Choosing a certain fixed t/f-resolution grid typically involves a
trade-off between time and frequency resolution.
[0014] The effect of a fixed t/f-resolution can be demonstrated on
the example of typical object signals in an audio signal mixture.
For example, the spectra of tonal sounds exhibit a harmonically
related structure with a fundamental frequency and several
overtones. The energy of such signals is concentrated at certain
frequency regions. For such signals, a high frequency resolution of
the utilized t/f-representation is beneficial for separating the
narrowband tonal spectral regions from a signal mixture. In the
contrary, transient signals, like drum sounds, often have a
distinct temporal structure: substantial energy is only present for
short periods of time and is spread over a wide range of
frequencies. For these signals, a high temporal resolution of the
utilized t/f-representation is advantageous for separating the
transient signal portion from the signal mixture.
[0015] Current audio object coding schemes offer only a limited
variability in the time-frequency selectivity of the SAOC
processing. For instance, MPEG SAOC [SAOC] [SAOC1] [SAOC2] is
limited to the time-frequency resolution that can be obtained by
the use of the so-called Hybrid Quadrature Mirror Filter Bank
(Hybrid-QMF) and its subsequent grouping into parametric bands.
Therefore, object restoration in standard SAOC (MPEG SAOC, as
standardized in [SAOC]) often suffers from the coarse frequency
resolution of the Hybrid-QMF leading to audible modulated crosstalk
from the other audio objects (e.g., double-talk artifacts in speech
or auditory roughness artifacts in music).
[0016] Audio object coding schemes, such as Binaural Cue Coding
[BCC] and Parametric Joint-Coding of Audio Sources [JSC], are also
limited to the use of one fixed resolution filter bank. The actual
choice of a fixed resolution filter bank or transform involves a
predefined trade-off in terms of optimality between temporal and
spectral properties of the coding scheme.
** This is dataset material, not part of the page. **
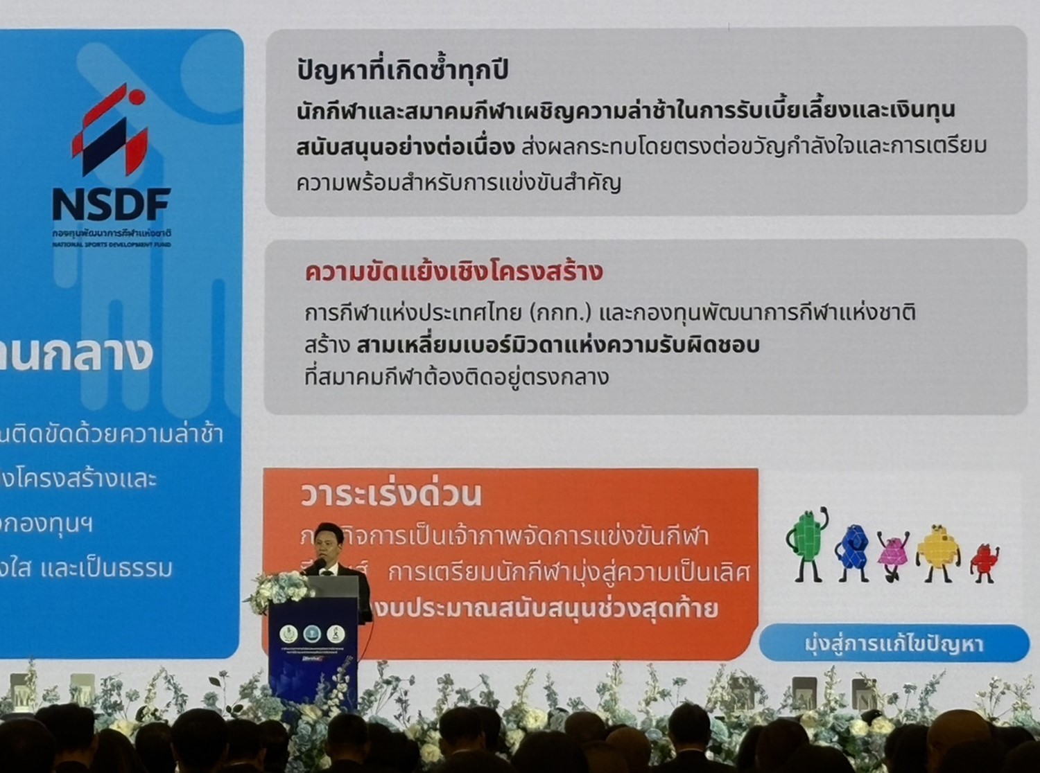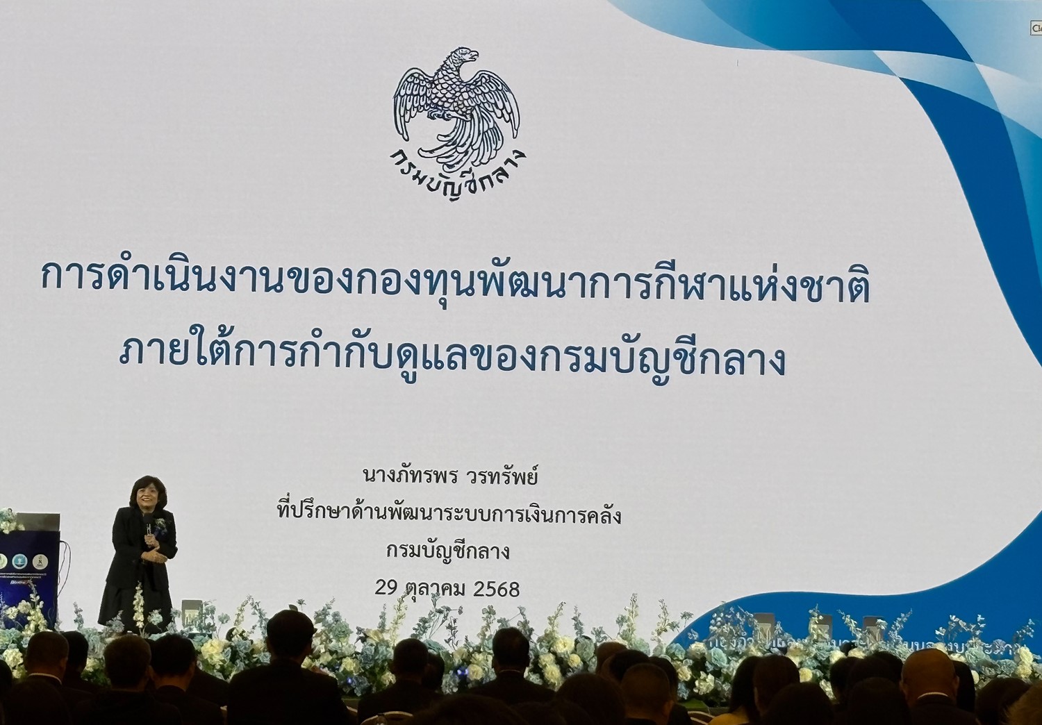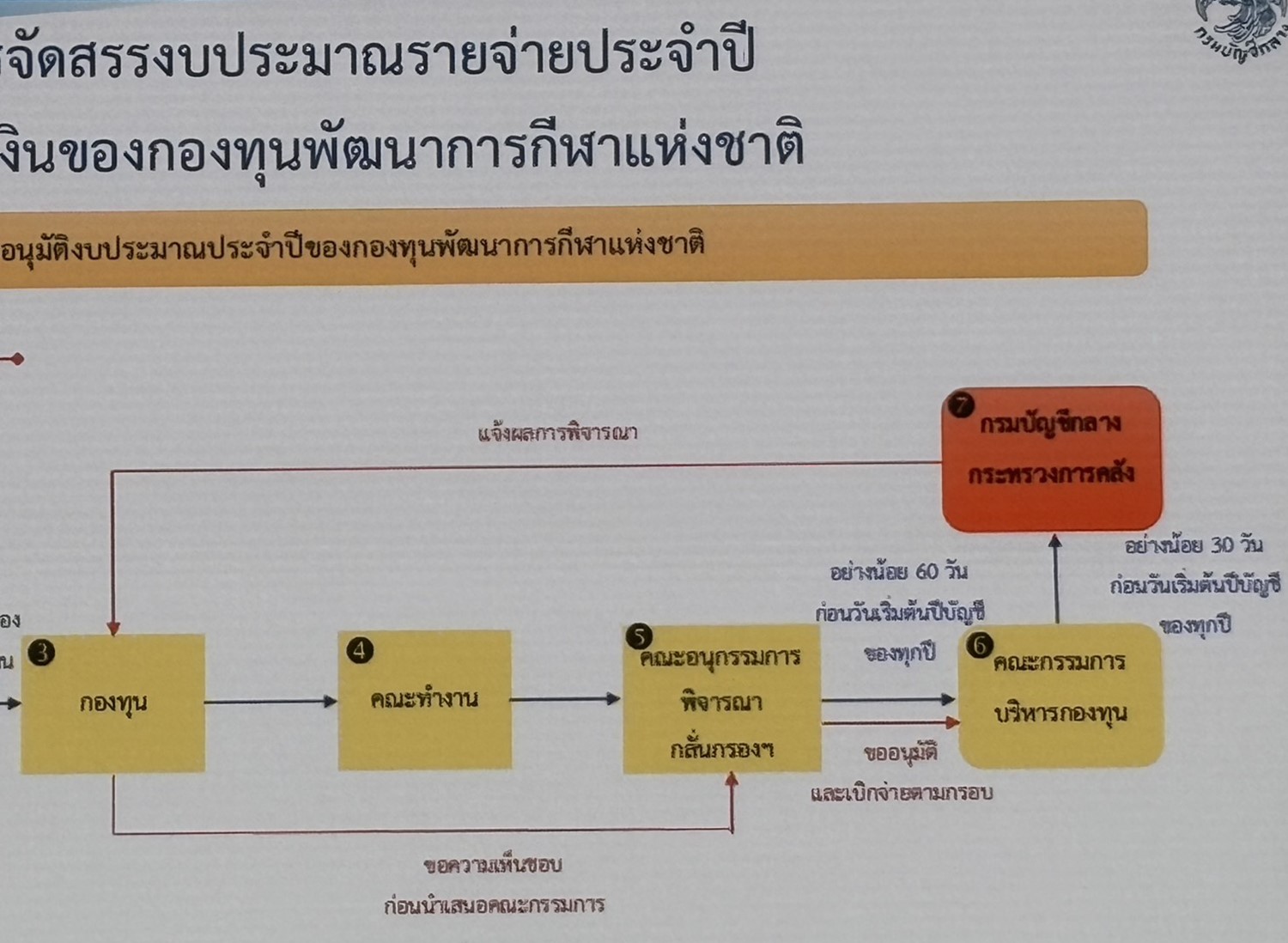 และส่วนที่สำคัญเพิ่มเติม การบรรยายโดย นาง ภัทรพร วรทรัพย์ ที่ปรึกษาด้านพัฒนาระบบการเงินการคลัง กรมบัญชีกลาง เกี่ยวกับการดำเนินงานกองทุนพัฒนาการกีฬาแห่งชาติ ภายใต้การกำกับดูแลของ กรมบัญชีกลาง

[0017] In the field of informed source separation (ISS), it has
been suggested to dynamically adapt the time frequency transform
length to the properties of the signal [ISS7] as well known from
perceptual audio coding schemes, e.g., Advanced Audio Coding (AAC)
[AAC].
SUMMARY
[0018] According to an embodiment, a decoder for generating an
audio output signal having one or more audio output channels from a
downmix signal having a plurality of time-domain downmix samples,
wherein the downmix signal encodes two or more audio object
signals, may have: a window-sequence generator for determining a
plurality of analysis windows, wherein each of the analysis windows
has a plurality of time-domain downmix samples of the downmix
signal, wherein each analysis window of the plurality of analysis
windows has a window length indicating the number of the
time-domain downmix samples of said analysis window, wherein the
window-sequence generator is configured to determine the plurality
of analysis windows so that the window length of each of the
analysis windows depends on a signal property of at least one of
the two or more audio object signals, a t/f-analysis module for
transforming the plurality of time-domain downmix samples of each
analysis window of the plurality of analysis windows from a
time-domain to a time-frequency domain depending on the window
length of said analysis window, to obtain a transformed downmix,
and an un-mixing unit for un-mixing the transformed downmix based
on parametric side information on the two or more audio object
signals to obtain the audio output signal.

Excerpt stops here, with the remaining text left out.